The observability module preserves tracing across both sides of the async boundary.

At scheduling time, OutboxObservabilityTracingContextProvider serializes the active span context into the outbox record's context map using the configured Micrometer Propagator. With W3C Trace Context this usually stores headers such as traceparent and tracestate.

At processing time, outbox.record.process uses a Micrometer receiver context, so the tracing bridge can read the stored propagation headers and create a child span under the original producer trace.

This applies to both primary and fallback handlers.

See also

For details on how trace headers are stored in and read from record.context, how to add your own context alongside tracing, or how to manually override context at scheduling time, see Context Propagation.

Custom Observation Conventions

You can override the default observation naming and tag conventions by registering custom convention beans.

Record Processing

Implement OutboxProcessObservationConvention to customize outbox.record.process.

@Configuration
class CustomOutboxProcessObservationConfig {
@Bean
fun customOutboxProcessConvention(): OutboxProcessObservationConvention =
object : OutboxProcessObservationConvention {
override fun getName(): String = "myapp.outbox.process"

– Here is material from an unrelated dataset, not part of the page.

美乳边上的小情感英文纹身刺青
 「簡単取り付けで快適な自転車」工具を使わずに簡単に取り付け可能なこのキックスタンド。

override fun getContextualName(context: OutboxProcessObservationContext): String = "outbox process"

override fun getLowCardinalityKeyValues(context: OutboxProcessObservationContext) =
KeyValues.of(
OutboxObservationDocumentation.LowCardinalityKeyNames.HANDLER_KIND
.withValue(context.getHandlerKind().toString()),
OutboxObservationDocumentation.LowCardinalityKeyNames.HANDLER_ID
.withValue(context.getHandlerId()),
OutboxObservationDocumentation.LowCardinalityKeyNames.CHANNEL
.withValue(context.getChannel()),
)

override fun getHighCardinalityKeyValues(context: OutboxProcessObservationContext) =
KeyValues.of(
OutboxObservationDocumentation.HighCardinalityKeyNames.RECORD_ID
.withValue(context.getRecordId()),
OutboxObservationDocumentation.HighCardinalityKeyNames.RECORD_KEY
.withValue(context.getRecordKey()),
OutboxObservationDocumentation.HighCardinalityKeyNames.DELIVERY_ATTEMPT
.withValue(context.getDeliveryAttempt().toString()),
)
}
}

Record Scheduling

Implement OutboxScheduleObservationConvention to customize outbox.record.schedule.

@Configuration
class CustomOutboxScheduleObservationConfig {
@Bean
fun customOutboxScheduleConvention(): OutboxScheduleObservationConvention =
object : OutboxScheduleObservationConvention {
override fun getName(): String = "myapp.outbox.schedule"

override fun getContextualName(context: OutboxScheduleObservationContext): String = "outbox schedule"

override fun getLowCardinalityKeyValues(context: OutboxScheduleObservationContext) =
KeyValues.of(
OutboxObservationDocumentation.ScheduleLowCardinalityKeyNames.CHANNEL
.withValue(context.channel),
)

override fun getHighCardinalityKeyValues(context: OutboxScheduleObservationContext) =
KeyValues.of(
OutboxObservationDocumentation.ScheduleHighCardinalityKeyNames.RECORD_KEY
.withValue(context.recordKey),
OutboxObservationDocumentation.ScheduleHighCardinalityKeyNames.PAYLOAD_TYPE
.withValue(context.payloadType),
)
}
}

Keep high-cardinality values out of low-cardinality tags to avoid excessive time series in metrics backends.

Legacy Metric Names

The deprecated namastack-outbox-metrics module used older metric names such as:

  • outbox.records.count
  • outbox.partitions.assigned.count
  • outbox.partitions.pending.records.total
  • outbox.partitions.pending.records.max
  • outbox.cluster.instances.total

New applications should use the canonical names from namastack-outbox-observability instead.